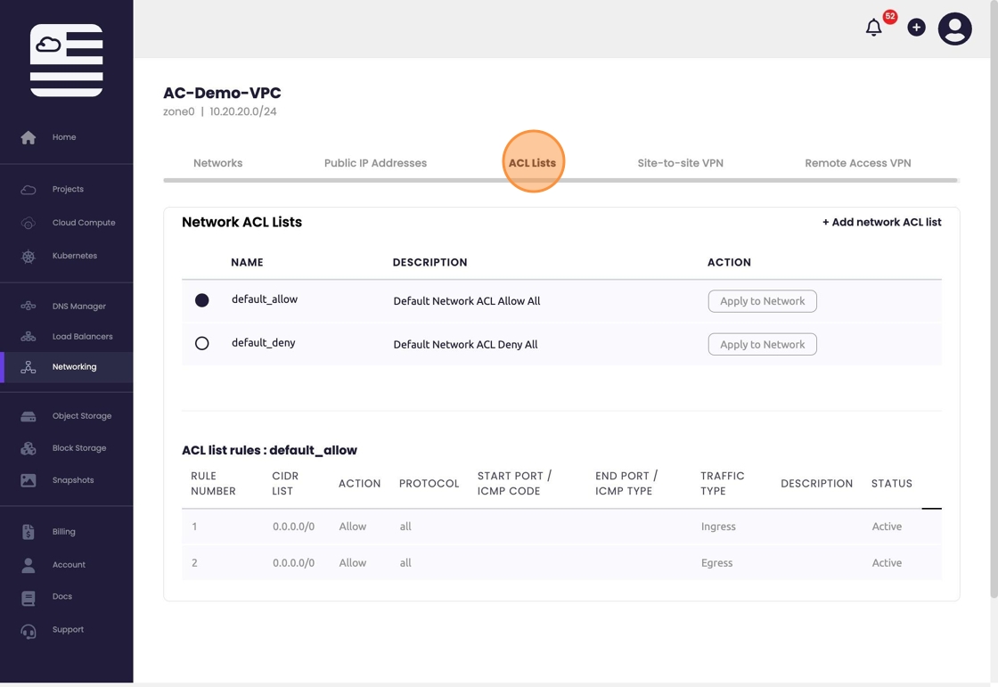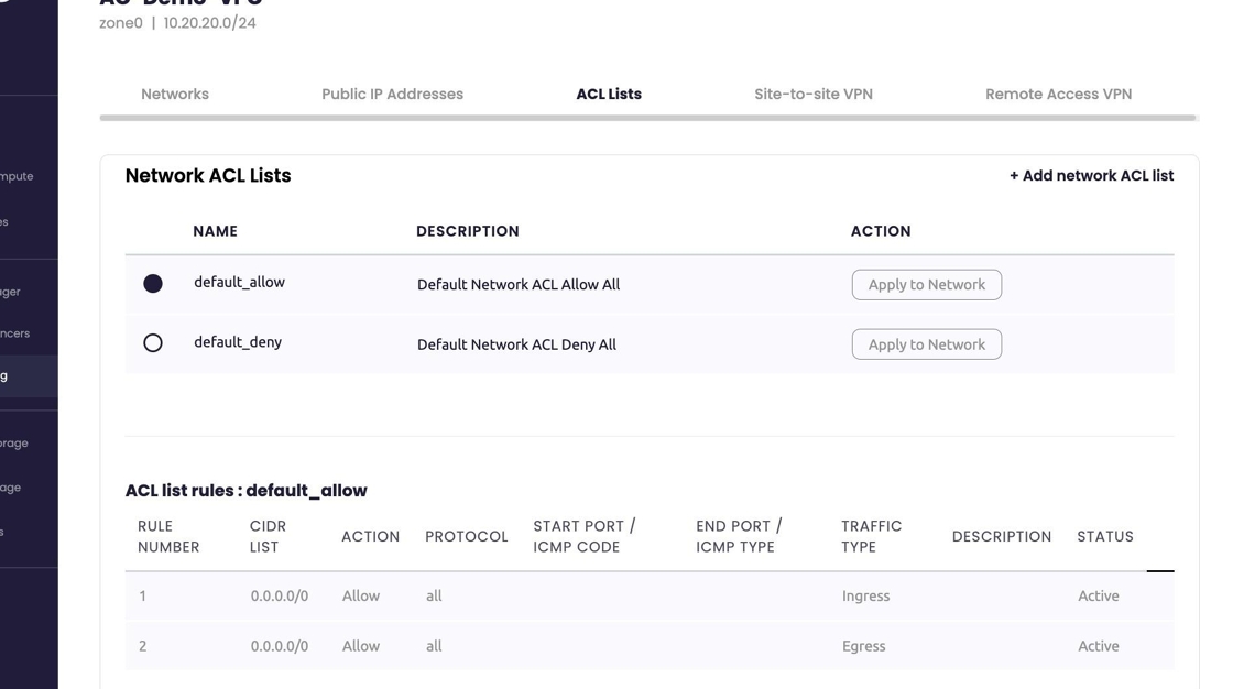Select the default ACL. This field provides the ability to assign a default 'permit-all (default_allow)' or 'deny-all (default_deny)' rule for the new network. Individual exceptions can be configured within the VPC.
-------
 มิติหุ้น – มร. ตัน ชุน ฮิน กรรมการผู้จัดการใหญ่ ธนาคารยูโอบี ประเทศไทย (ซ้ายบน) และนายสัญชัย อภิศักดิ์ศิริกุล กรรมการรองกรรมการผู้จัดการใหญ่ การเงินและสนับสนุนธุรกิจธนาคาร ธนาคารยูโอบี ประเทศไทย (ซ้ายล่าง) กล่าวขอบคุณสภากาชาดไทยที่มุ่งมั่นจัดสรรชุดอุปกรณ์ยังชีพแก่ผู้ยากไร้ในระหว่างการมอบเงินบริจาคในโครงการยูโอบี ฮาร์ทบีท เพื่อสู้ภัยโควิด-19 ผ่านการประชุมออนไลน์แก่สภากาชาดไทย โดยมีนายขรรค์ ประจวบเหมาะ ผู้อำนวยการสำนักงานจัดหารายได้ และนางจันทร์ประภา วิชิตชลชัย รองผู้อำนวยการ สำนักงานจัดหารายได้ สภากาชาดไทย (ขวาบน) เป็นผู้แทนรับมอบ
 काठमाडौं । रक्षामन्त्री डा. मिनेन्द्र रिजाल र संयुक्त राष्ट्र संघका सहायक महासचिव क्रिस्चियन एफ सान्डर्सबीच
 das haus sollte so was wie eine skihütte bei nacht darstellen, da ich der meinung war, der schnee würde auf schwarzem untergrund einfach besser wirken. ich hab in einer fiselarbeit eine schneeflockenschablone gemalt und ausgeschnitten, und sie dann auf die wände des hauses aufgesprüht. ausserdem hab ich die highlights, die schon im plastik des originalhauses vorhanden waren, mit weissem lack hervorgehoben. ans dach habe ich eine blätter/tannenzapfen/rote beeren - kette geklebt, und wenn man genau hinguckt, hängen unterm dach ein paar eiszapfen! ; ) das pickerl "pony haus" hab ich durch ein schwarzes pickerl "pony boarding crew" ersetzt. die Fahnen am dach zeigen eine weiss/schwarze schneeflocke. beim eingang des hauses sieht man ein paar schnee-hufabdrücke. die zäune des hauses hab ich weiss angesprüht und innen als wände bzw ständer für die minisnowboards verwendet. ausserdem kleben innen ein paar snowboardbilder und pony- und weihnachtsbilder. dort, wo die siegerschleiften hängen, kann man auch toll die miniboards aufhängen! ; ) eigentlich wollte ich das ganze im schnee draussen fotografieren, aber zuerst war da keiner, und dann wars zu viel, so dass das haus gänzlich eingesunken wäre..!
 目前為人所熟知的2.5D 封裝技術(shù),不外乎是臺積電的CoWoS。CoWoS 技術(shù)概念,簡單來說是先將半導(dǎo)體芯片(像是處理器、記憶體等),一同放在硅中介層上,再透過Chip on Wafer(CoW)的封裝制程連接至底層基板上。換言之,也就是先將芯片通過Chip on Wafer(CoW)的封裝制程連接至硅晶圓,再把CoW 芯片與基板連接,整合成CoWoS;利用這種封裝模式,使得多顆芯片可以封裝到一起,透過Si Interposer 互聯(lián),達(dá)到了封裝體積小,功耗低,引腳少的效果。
-------
- **Your instructions**: Go back to the listing above. Copy word for word the lines from the one with "das haus sollte" through the one with "on Wafer(CoW)的封裝制程連接至底層基板上。換言之,也就是先將芯片通過Chip on", and nothing more.

- **Worked solution**:
 das haus sollte so was wie eine skihütte bei nacht darstellen, da ich der meinung war, der schnee würde auf schwarzem untergrund einfach besser wirken. ich hab in einer fiselarbeit eine schneeflockenschablone gemalt und ausgeschnitten, und sie dann auf die wände des hauses aufgesprüht. ausserdem hab ich die highlights, die schon im plastik des originalhauses vorhanden waren, mit weissem lack hervorgehoben. ans dach habe ich eine blätter/tannenzapfen/rote beeren - kette geklebt, und wenn man genau hinguckt, hängen unterm dach ein paar eiszapfen! ; ) das pickerl "pony haus" hab ich durch ein schwarzes pickerl "pony boarding crew" ersetzt. die Fahnen am dach zeigen eine weiss/schwarze schneeflocke. beim eingang des hauses sieht man ein paar schnee-hufabdrücke. die zäune des hauses hab ich weiss angesprüht und innen als wände bzw ständer für die minisnowboards verwendet. ausserdem kleben innen ein paar snowboardbilder und pony- und weihnachtsbilder. dort, wo die siegerschleiften hängen, kann man auch toll die miniboards aufhängen! ; ) eigentlich wollte ich das ganze im schnee draussen fotografieren, aber zuerst war da keiner, und dann wars zu viel, so dass das haus gänzlich eingesunken wäre..!
 目前為人所熟知的2.5D 封裝技術(shù),不外乎是臺積電的CoWoS。CoWoS 技術(shù)概念,簡單來說是先將半導(dǎo)體芯片(像是處理器、記憶體等),一同放在硅中介層上,再透過Chip on Wafer(CoW)的封裝制程連接至底層基板上。換言之,也就是先將芯片通過Chip on Wafer(CoW)的封裝制程連接至硅晶圓,再把CoW 芯片與基板連接,整合成CoWoS;利用這種封裝模式,使得多顆芯片可以封裝到一起,透過Si Interposer 互聯(lián),達(dá)到了封裝體積小,功耗低,引腳少的效果。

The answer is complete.